TASK INSTRUCTIONS: Retype word for word the first line of the listing and each line after it up to the line with "Family cooking Korean pancakes together", with the pictures taken out.
----- PROVIDED RECORDS
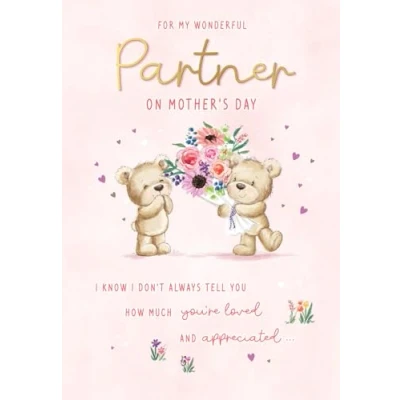 A High Quality Mother's Day Greeting Card and Envelope From Piccadilly Greetings Designed and made in the UK - supporting British jobs Caption: Partner Description: Bears & flowers Approximate size: 9 x 6 inches
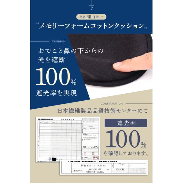 ●メモリーフォームコットンクッションを採用することで、おでこと鼻の下からの光を遮断し100%の遮光率を実現しました。
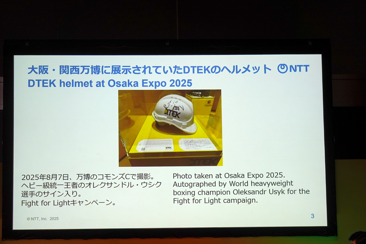 松原氏が紹介したDTEK社員のヘルメットには、ウクライナのボクシングヘビー級統一王者、オレクサンドル・ウシク選手のサインが記されていた。何度ダウンを奪われても立ち上がり戦い続けるボクサーの精神は、破壊されてもなおインフラを維持し続ける企業の姿と重なる。
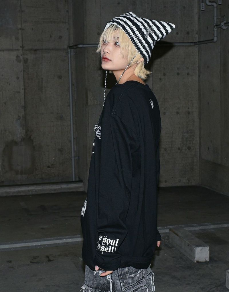 タトゥーが施された手に三日月が刺さっているという斬新なグラフィックをフロントにプリントしたビッグシルエットの長袖Tシャツ。
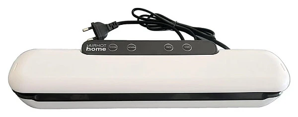 Вакуумный упаковщик AIRHOT HOME SV2 используется на малых предприятиях промышленности, общественного питания и торговли, а также в домашних условиях для упаковки гастрономических продуктов, фотографий, документов, медикаментов, косметики, мелких деталей и других предметов в герметичную тару для сохранения свежести, предотвращения размножения микроорганизмов и смешивания запахов. Модель оснащена выкуумным насосом, кабелем питания с вилкой, откидной крышкой с запаечной пластиной и панелью управления с нажимными функцинальными клавишами и цифровым дисплеем с синей подсветкой индикации. Корпус обтекаемой формы выполнен из ударопрочного пластика белого цвета, прижимная планка – из термостойкой силиконовой ленты.
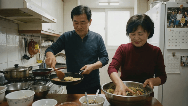 Family cooking Korean pancakes together
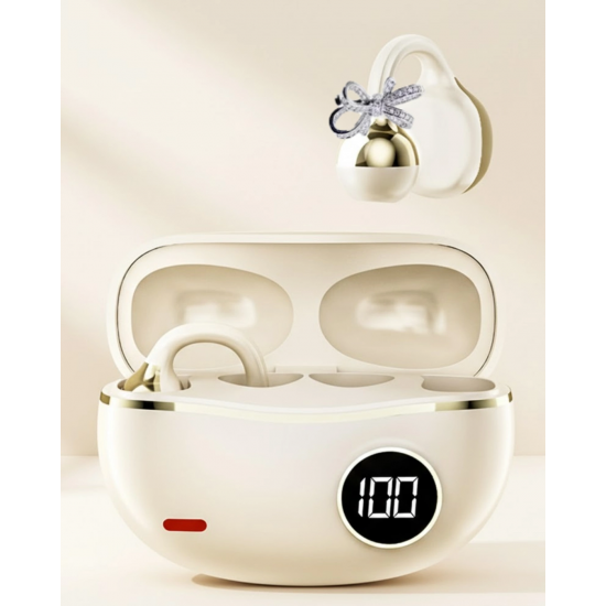 Kablosuz Bluetooth kulaklık, güvenli kulak klipsi tasarımı sayesinde gün boyu konforlu ve sabit bir kullanım sunar. Eller serbest iletişim imkânı sağlayan bu şık kulaklık, özellikle yoğun tempoda çalışan profesyoneller için ideal bir çözümdür. Kulak klipsi yapısı sayesinde kulakta kayma yapmadan sabit durur ve uzun süreli kullanımlarda rahatsızlık hissi oluşturmaz.Kompakt ve hafif tasarımı, bu Bluetooth kulaklığı günlük yaşamın vazgeçilmez bir parçası haline getirir. Çantanızda, cebinizde veya iş sırasında rahatlıkla taşıyabilir, aramalarınızı dilediğiniz her yerde yanınızda götürebilirsiniz. Günlük kullanımın yanı sıra seyahat, ofis, araç kullanımı ve yürüyüş gibi birçok senaryoda pratik bir kullanım sunar.Uzun pil ömrü sayesinde gün boyunca bağlantıda kalmanızı sağlar. Sürekli hareket halinde olan kullanıcılar için kesintisiz iletişim sunarak şarj endişesini minimuma indirir. Kristal netliğinde ses performansı ile aramalar sırasında karşı tarafı net bir şekilde duymanıza yardımcı olur ve sesinizi karşı tarafa berrak biçimde iletir.Zarif ve modern görünümüyle bu Bluetooth kulaklık, modayı ve işlevselliği bir araya getirir. Şık tasarımı sayesinde yalnızca teknolojik bir ürün değil, aynı zamanda stilinizi tamamlayan bir aksesuar olarak da öne çıkar.Set içeriğinde 1 adet Bluetooth kulaklık, 1 adet veri kablosu, 1 adet kullanım kılavuzu bulunur. Ayrıca 2 adet kurdele küpe hediyeli olarak gönderilir. Hem kendiniz hem de sevdikleriniz için şık ve kullanışlı bir hediye alternatifidir.
----------
RESULT BELOW:
 A High Quality Mother's Day Greeting Card and Envelope From Piccadilly Greetings Designed and made in the UK - supporting British jobs Caption: Partner Description: Bears & flowers Approximate size: 9 x 6 inches
 ●メモリーフォームコットンクッションを採用することで、おでこと鼻の下からの光を遮断し100%の遮光率を実現しました。
 松原氏が紹介したDTEK社員のヘルメットには、ウクライナのボクシングヘビー級統一王者、オレクサンドル・ウシク選手のサインが記されていた。何度ダウンを奪われても立ち上がり戦い続けるボクサーの精神は、破壊されてもなおインフラを維持し続ける企業の姿と重なる。
 タトゥーが施された手に三日月が刺さっているという斬新なグラフィックをフロントにプリントしたビッグシルエットの長袖Tシャツ。
 Вакуумный упаковщик AIRHOT HOME SV2 используется на малых предприятиях промышленности, общественного питания и торговли, а также в домашних условиях для упаковки гастрономических продуктов, фотографий, документов, медикаментов, косметики, мелких деталей и других предметов в герметичную тару для сохранения свежести, предотвращения размножения микроорганизмов и смешивания запахов. Модель оснащена выкуумным насосом, кабелем питания с вилкой, откидной крышкой с запаечной пластиной и панелью управления с нажимными функцинальными клавишами и цифровым дисплеем с синей подсветкой индикации. Корпус обтекаемой формы выполнен из ударопрочного пластика белого цвета, прижимная планка – из термостойкой силиконовой ленты.
 Family cooking Korean pancakes together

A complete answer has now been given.